Ranchers Keep Watch on Beyond Burger Retail Debut
Saskatchewan rancher Ross Macdonald isn’t afraid of the Beyond Burger
by Arthur White-Crummey – Regina Leader-Post
The meatless product is set to come to Canadian grocery stores in time for barbecue season this year, according to the California-based company that produces it from peas, beets and other vegetables.
It’s being touted as perhaps the best imitation burger to hit the market thus far, and Macdonald — who raises cattle on 3,500 acres near the U.S. border — says Saskatchewan ranchers are talking about what it means for them.
“I think its probably one of the most current topics,” he said.
He said he’s even tried one, and didn’t mind the taste. But that doesn’t mean he’s losing confidence in the Saskatchewan cattle industry’s future as more alternatives fight for room in Canadian shopping carts.
“The popular meatless burger is finally coming to Canadian grocery stores, and Saskatchewan’s beef sector will be keeping a close eye on the sales data”

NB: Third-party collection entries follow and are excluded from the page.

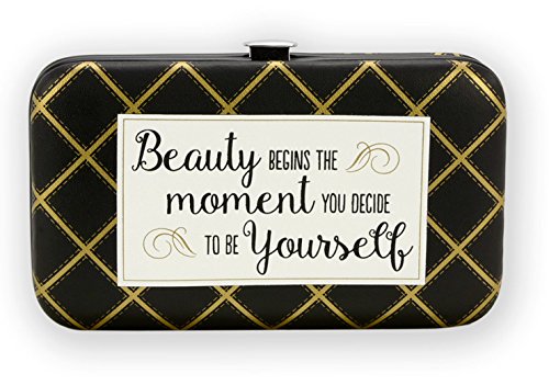 - Case features black and gold pattern exterior and black fabric interior; message reads: beauty begins the moment you decide to be yourself
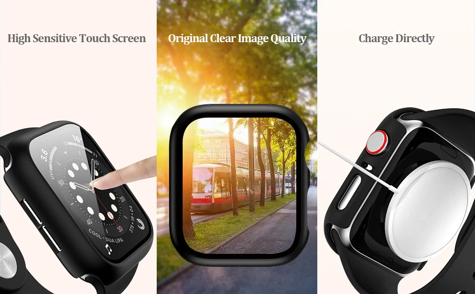 [Высокочувствительный сенсорный]: Этот чехол apple watch с высокочетким закаленным стеклом для защиты экрана не мешает любому удобству использования экрана, что обеспечивает Оригинальное четкое качество изображения и оригинальную чувствительность к прикосновениям. Лучший выбор!
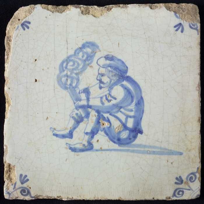 Figuurtegel, blauw, man met buizen op zijn rug, hoek...
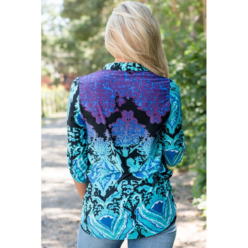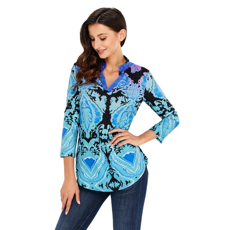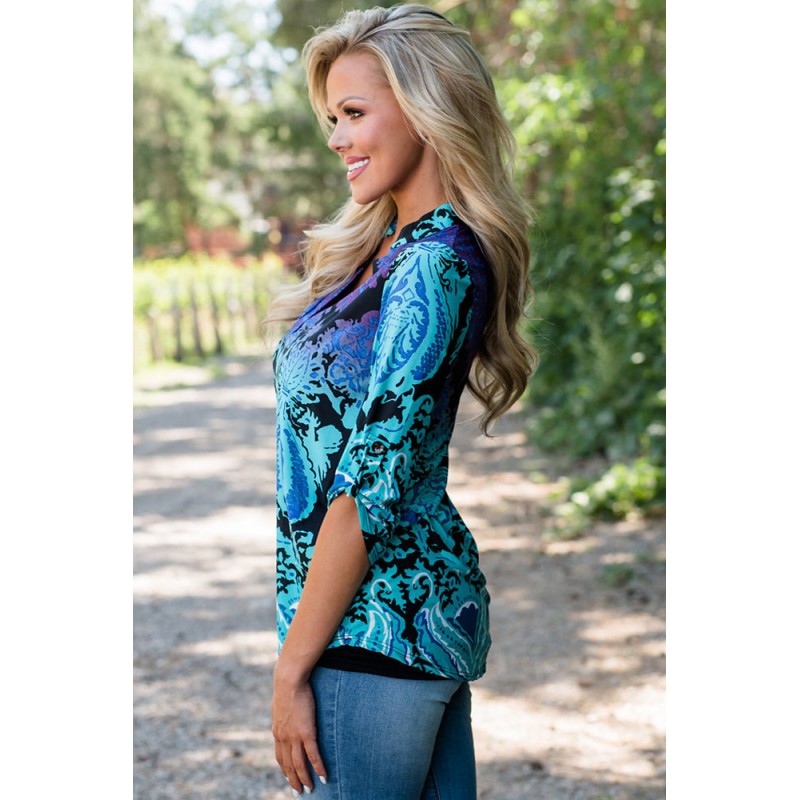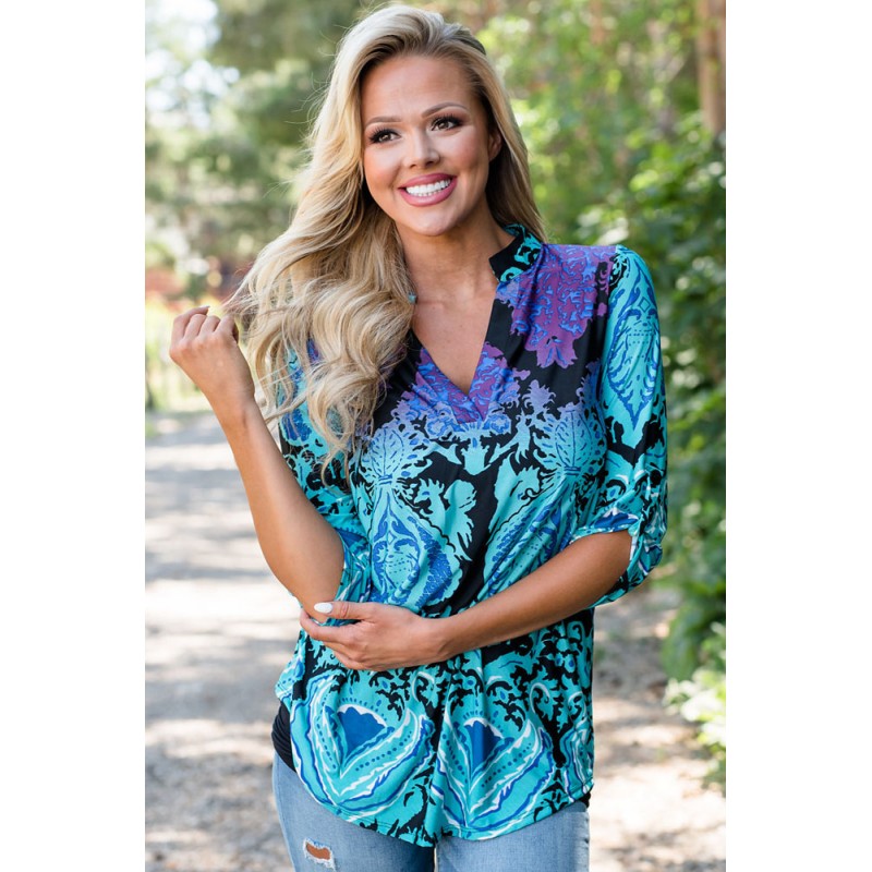 | Product Name | Turquoise Easily Obsessed Damask Print Split V Neck Tunic |

“I don’t necessarily see it as a threat,” he said. “I see it as an opportunity for people like myself, who produce beef in a grassland environment, to tell a great story about the sustainability of our product.”
A photo of Ross Macdonald’s 98 Ranch near Lake Alma, Saskatchewan. ROSS MACDONALD / SUBMITTED
The Beyond Burger has already come to A&W, temporarily selling out last fall due to heavy demand. The company that makes it, Beyond Meat, frames its signature product as a more ethical and healthy substitute for the real thing.“Our belief is that the best way to get people to eat less meat is by giving them more of what they love — in our case, juicy delicious burgers, sausages, and more — without so many of the health, sustainability, and animal welfare downsides of animal-based meats,” the company writes in its press package.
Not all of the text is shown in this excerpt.